世界
春雷
僕の旅
僕は昔から引っ込み思案な性格で、何をするにも尻込みしていた。けれども、人は誰しもいつかは旅に出なくちゃならない。僕はそのことをちゃんとわかっていた。でも、なかなか一歩が踏み出せなかった。
「今はまだ、屈む時期なんだよ」
僕の父が言った。
「高く跳ぶためには一度屈む必要がある。お前は今、力を溜めているんだ。これからだよ、これから。これからお前は大きく跳ぶんだ」
そう言われても、僕の焦りに変わりはない。周りの友人は皆将来に向けひた走っている。僕だけが、取り残されている。僕だけが、立ち止まっている。このままでいいはずはないと知りながら、行くべき先がわからない。僕はどこへ行けばいいのだろう。社会が大きく変容し、僕の向かうべき先は無限にあるように感じられる。実際は選択肢はそれほどないのに、僕はその理屈の上での無限に圧倒され、動けないままでいるのだ。
大学三年になった。僕はいまだに自分が何をしたいのかわからない。色んなことに挑戦しなければならないと思っているのだけれど、どうしても挑戦することができない。僕は自分に甘いのだろうか。あるいはそうなのかもしれない。
大学の研究室で一人、レポートを書きながら、僕は自分という存在について考えた。僕とは何だろう。僕は自分をできる限り客観的に見ようとした。でもうまくいかなかった。結局目の前の現実的な作業に追われ、考えを深める間もなかった。
レポートが一段落したところで、ペットボトルのカフェラテを飲む。何だか自分を見失ってしまいそうだ。おそらく自分一人で抱え過ぎているのだろう。もっと世界は単純で、人生は明快なものなのかもしれない。思わず頭を掻きむしった。

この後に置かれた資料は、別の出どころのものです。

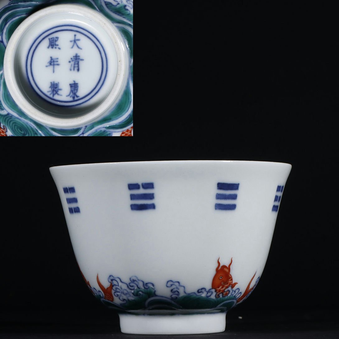 - ▼渡鶴羽▼H7252清代 康熙年製 斗彩杯・時代物・古陶磁・古賞物・旧家買出品

その時だった。研究室のドアが開いた。先輩が入ってきたらしい。
「おお。日馬くんか。レポートやっているの?」
「はい。明日提出なんで。でも大体終わりましたよ」
「そうか。それはよかった」
先輩は気さくな人で、割と誰にでも話しかける。僕は彼のコミュニケーション能力を羨ましく思っている。
「教授に怒られてしまったよ」
「そうなんですか?」
「うん。ゼミにもあまり顔を出していなかったからさ」
確かに、先輩はこの頃ゼミの発表会を欠席していた。
「どうして休んでいたんですか」
僕はそう訊こうとしたが、あまりにも踏み込んだ質問だと思い、やめた。
無言の時間がしばらく流れた。
「俺はこの世界に向いてないのかもなあ、とか子どもみたいなことを時々考えることがあるんだ」
唐突に先輩は語り出した。僕はパソコンから目を転じた。
「世界?」
「ああ。世界。何だか窮屈だなあと思わないか?」
「まあ、多少は」
そう感じることは僕自身頻繁にあった。先輩が同じ思いを抱いているとは、意外だった。
「先輩でも悩むことがあるんですね」
思わず僕は言った。
「ああ。悩みばかりさ。でも、最近は安定しているかもしれない」
「安定」
「ああ。そうだ。お前もやらないか」
「やる?何をですか?」
「殺しだよ」
頭が真っ白になった。殺し?その単語の響きはどこまでも恐ろしく、僕の胸を締め上げた。
「冗談ですか」
でも僕は何故か彼が冗談で言っているとは思えなかった。
「勿論合法的な殺しだよ。人の型をとって、そっくりな人間を作るんだ」
「クローンみたいなことですか」
「そうだね。それに近い。髪の毛一本取ってくれれば、翌日には作れるんだよ。最近友達に誘われて一緒に商売しているんだ」
「いいんですか、そんな商売。何というか、倫理的に」
「そんなの俺が決めることじゃない。社会が決めることさ。でも誰も困っちゃいないし、客はみんな喜んでくれるし、いいと思うんだけれどなあ。君は結構頭が固い方なのかい?」
頭が固いとか、そういう次元の話でもない気がする。僕は頭が痛くなってきた。
これは現実だろうか。つい疑ってしまう。夢を見ているようだ。
「一度友達でも誘って店に来ないかい?僕を通してくれれば安くするよ。君も殺したい人の一人や二人いるだろう」
この人は何を言っているのだ。頭がおかしくなってしまったのだろうか。そんな商売、許されるわけないじゃないか。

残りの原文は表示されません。